The GM had already signed (or traded for, as we're now hearing) Ariza, and the perception is that Parsons had become expendable.
Is he? Personally, I think not. I know there are salary cap considerations at play, even with the moves the GM made to free up space (namely, dumping Omer Asik on New Orleans and Jeremy Lin on the Lakers), so keeping Parsons while bringing in Ariza was likely not feasible. But consider the depth of the team for a moment: right now, there's hardly any. Yes, the stars are still in place, but what's around them? Other than Ariza, who slots in at SF, you've got Beverley starting at PG and Terrence Jones starting at PF, with Motiejunas to back him up. Canaan and Troy Daniels are still around, I think...but Omri Casspi is reportedly on his way out too.
There's also the fact that Dallas is a natural rival. The Rockets let one of their better players (after Howard/Harden, obviously) go, got nothing in return, and they get to play against him four times a year for the foreseeable future.
I don't know whether to laugh or cry, really.
But the whole point of this post is this: the Rockets traded away Chase Budinger to get Parsons into the starting lineup, and now they've given him away, for nothing.
Savvy observers would call this a "business decision". And I would be remiss if I didn't point out that the Budinger trade brought the Rockets an important draft pick: the one that they used to pick Terrence Jones.
Oh, and the last time Trevor Ariza was a Rocket, he was traded for Courtney Lee. Lee wasn't long for the Rockets, through no fault of his own, and was later traded for what one might disparagingly call "spare parts".
Perhaps in time I'll understand why the Rockets let Parsons go. Right now I'm skeptical that I'll ever get it and I'm intensely skeptical that basically trading Parsons for Ariza will work out favorably.
Still, I can't help but wonder...the team traded away a guy for the express purpose of putting Parsons in the starting lineup. He was with the team for three seasons and was showing evident improvement. Parsons isn't the most consistent player and his defense could use some work, but these are matters that could be fixed, either through experience or coaching. They're certainly not anything that would make you consider dumping the guy, especially when he's yet to hit his prime.
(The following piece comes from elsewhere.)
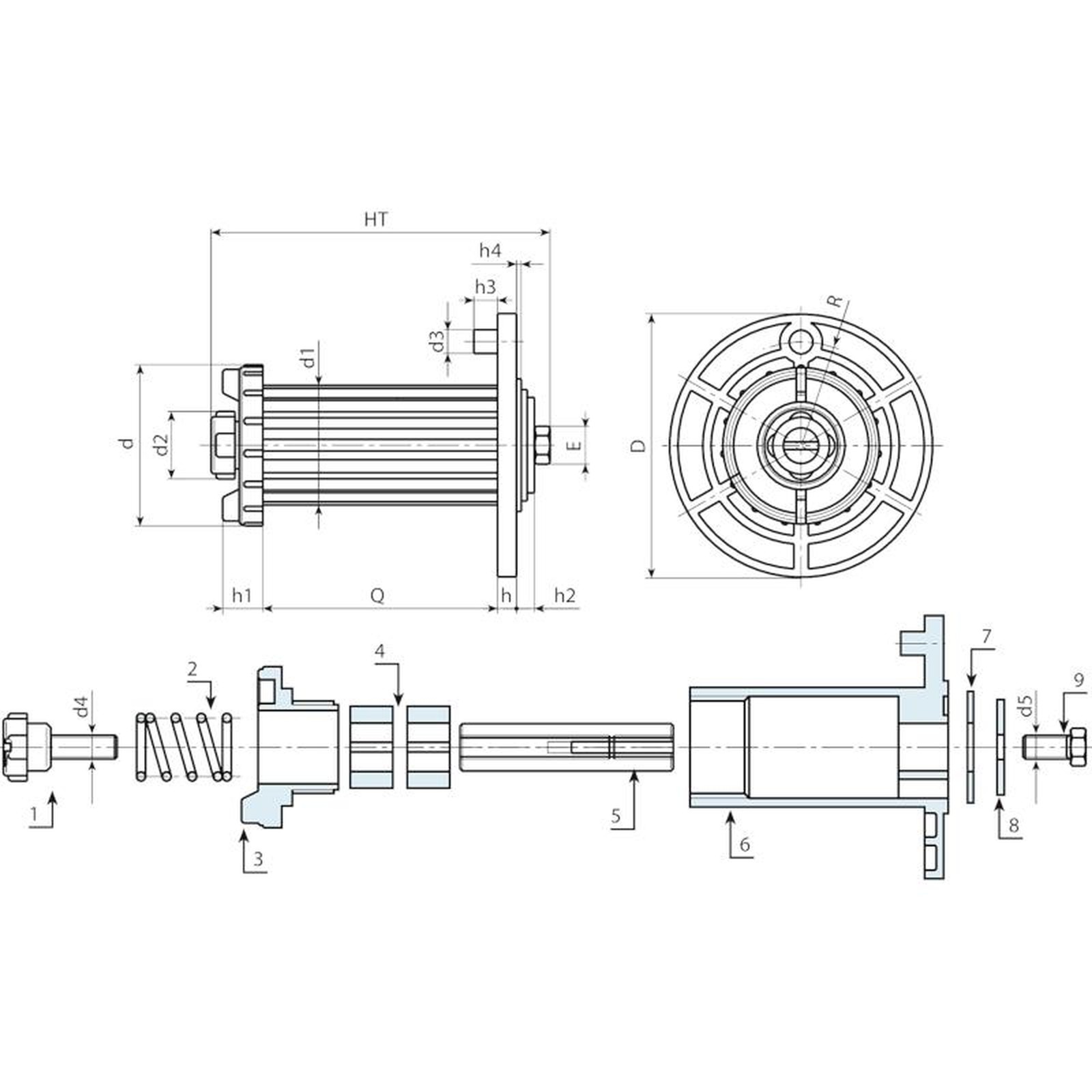 | Code | art. | D | HT | d | d1 | d2 | d3 | d4 | d5 | h | h1 | h2 | h3 | h4 | E | Q | R | Weight (g) |
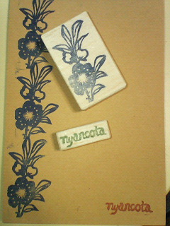 昨日の今日で、また切り絵の図案に挑戦!なんかの花。大きな図案の一部で、全体はとても中国って印象だったんだけど。取り出してみるとハワイアンに見えるのは私だけ??並べ方のせい??小さな消しゴムの欠片が増えたのでハンドルネームも彫ってみました。文字、ガタガタ・・・う~む、難しい。花:3×5cmHN:0.8×2.8cm

He'll be hitting his prime in Dallas, most likely. And he'll be torching the Rockets at every opportunity I'm sure, in an effort to prove the team wrong.
This off-season was about making the team better after a first-round exit. Have they done so? Not in my eyes. They traded one SF for another while getting rid of solid bench players and struck out horrifically on every major free agent they chased after.
Hardly the successful off-season one might have expected.